(Beginning of SUPPLIED MATERIAL)

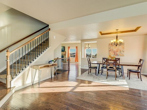 The kitchen overlooks the large family room with cozy fireplace, which flows into the main level office through double French doors. Upstairs the spa-like 5-piece bathroom becomes a personal sanctuary with its large dual sink vanity, soaking tub and walk-in closet, Pikes Peak views from the large Master bath window. A total of 4 bedrooms on the second story keeps everyone together. The finished basement is a great space for casual entertainment. An additional full bathroom serves this level, while an unfinished area has potential for a bonus room or extra storage.
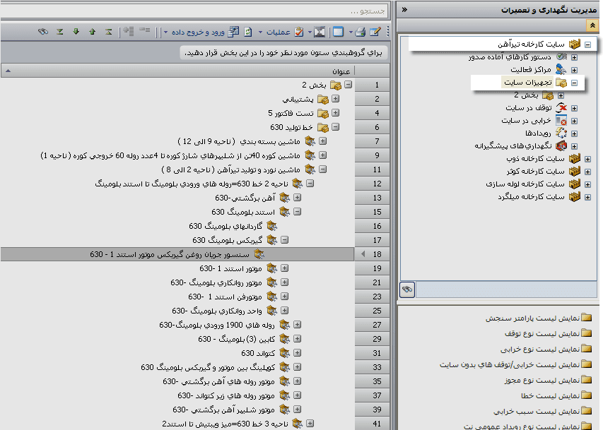 - مدیریت تجهیزات فنی مفهومی و سریالی هر یک از سایتهای نگهداری و تعمیرات
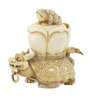 the figure with a ring in its mouth with a lotus blossom on its back surmounted by a toad, signature to the base

(End of SUPPLIED MATERIAL)

PROBLEM REQUIREMENTS | Would you repeat the listing above exactly, minus the images?

RESPONSE |
 The kitchen overlooks the large family room with cozy fireplace, which flows into the main level office through double French doors. Upstairs the spa-like 5-piece bathroom becomes a personal sanctuary with its large dual sink vanity, soaking tub and walk-in closet, Pikes Peak views from the large Master bath window. A total of 4 bedrooms on the second story keeps everyone together. The finished basement is a great space for casual entertainment. An additional full bathroom serves this level, while an unfinished area has potential for a bonus room or extra storage.
 - مدیریت تجهیزات فنی مفهومی و سریالی هر یک از سایتهای نگهداری و تعمیرات
 the figure with a ring in its mouth with a lotus blossom on its back surmounted by a toad, signature to the base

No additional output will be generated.